Между ним и стеной висел Проход, только никто его не видел.
– Значит, карамельные жуки, – задумчиво проговорил юный Старец, теребя изображающий бородку пушок. – Очень полезные насекомые, очень. Хочу таких. Следующая партия – мне, договорились? Хорошо заплачу. Хотя если они тут размножатся… Плохо. Не в наших традициях. Народ держится за старые обычаи, а Старец – десятикратно, потому народ его и поддерживает. Всякий болван воображает, что в стародавние времена жилось лучше, чем теперь, тьфу! – Юноша сморщился. – Приходится соответствовать.

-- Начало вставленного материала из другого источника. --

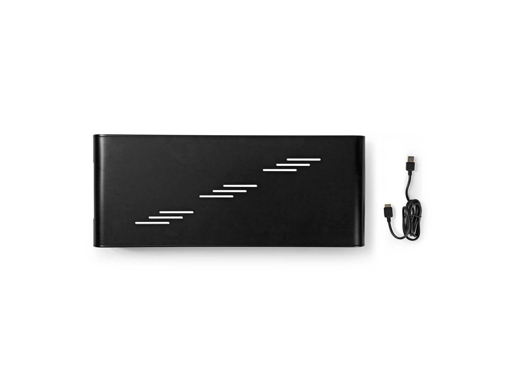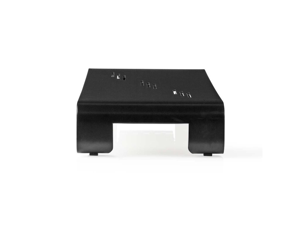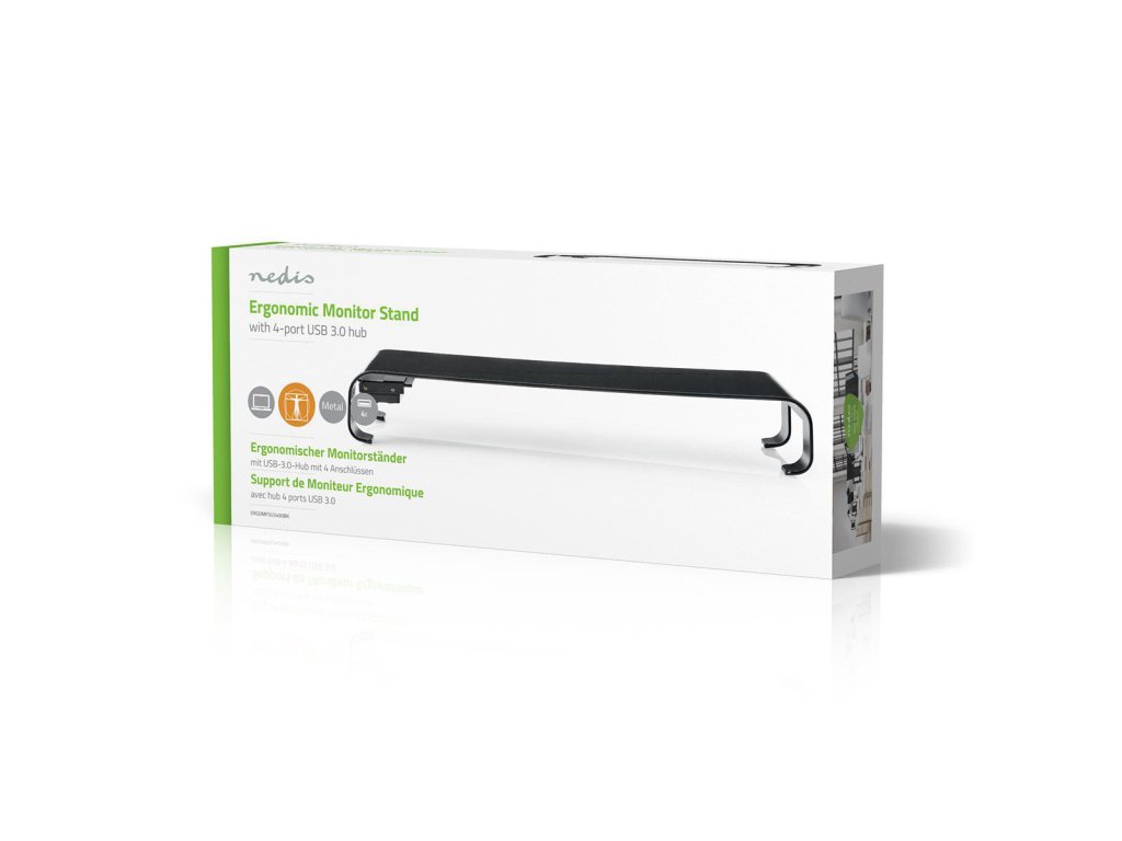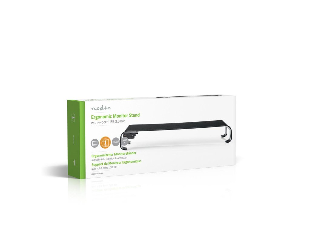 Nedis® ergonomický podstavec pod monitor zvedá obrazovku na úroveň očí, čímž zmírňuje svalové napětí ramen a šíje. Je vyrobený ze slitiny hliníku a plastu pro maximální pevnost a díky svému praktickému designu ušetří místo na vašem pracovním stole. Vestavěný rozbočovač USB 3.0 se 4 porty umožňuje snadné připojení zařízení, jako je tiskárna, skener, myš, klávesnice nebo externí pevný disk. Stojan je určen pro jeden monitor s maximální hmotností 18 kg a poskytuje prostor pro uložení klávesnice.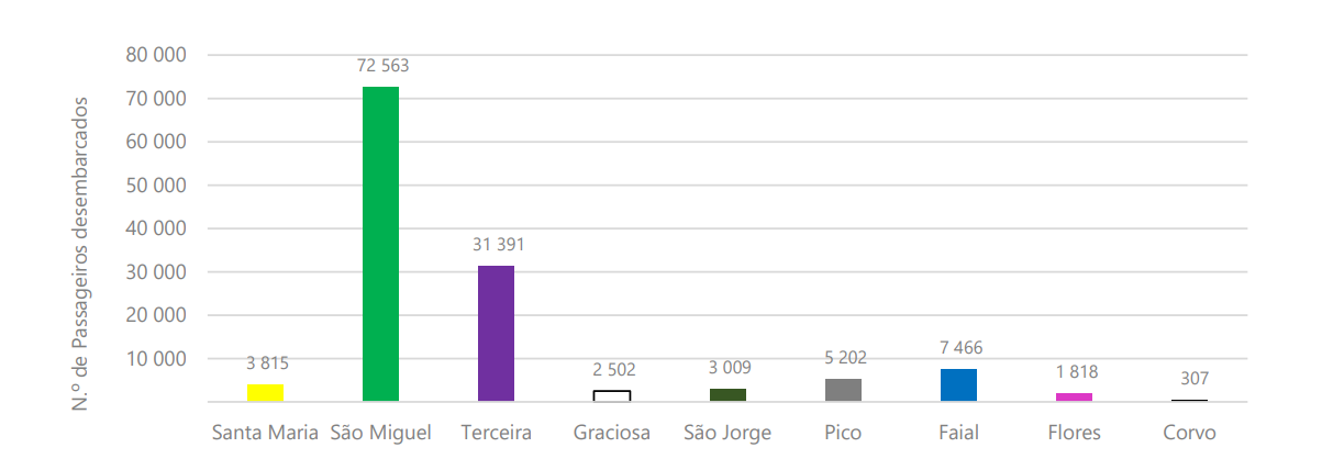 Neste mês, a ilha de São Miguel, com 72 563 passageiros desembarcados, concentrou 56,7% do total de passageiros desembarcados nos aeroportos dos Açores, seguindo-se as ilhas Terceira, com 31 391 (24,5% do total), Faial, com 7 466 (5,8% do total), e Pico, com 5 202 (4,1% do total).

– Рабочих особей выпустить на противника, а матку и приплод уничтожить, – пожал плечами Сергей. – Делов-то… И никакой экологической катастрофы.
– Тогда улей одноразовым получается… Но все равно – давайте. Куплю.
– Жуки точно будут, если будет Макс, – сказала Ева. – На Земле мы не знаем локализаций, выводящих прямо сюда, так что путь до Оннели долог и небезопасен для человека нашей профессии. Думаю, прямой Проход с Земли мог бы открыть сюда только Макс. В Гомеостате он должен был стать универсальным проводником небывалой силы.
– Это только предположение, – покачал головой юный Старец. – И потом, у меня нет вашего Макса.
– Мы знаем, что нет. Вчера он предположительно был в Пулахте, а где сегодня, кто знает? Предугадать его перемещения невозможно, придется идти по следу. Мы отстаем от него больше чем на сутки.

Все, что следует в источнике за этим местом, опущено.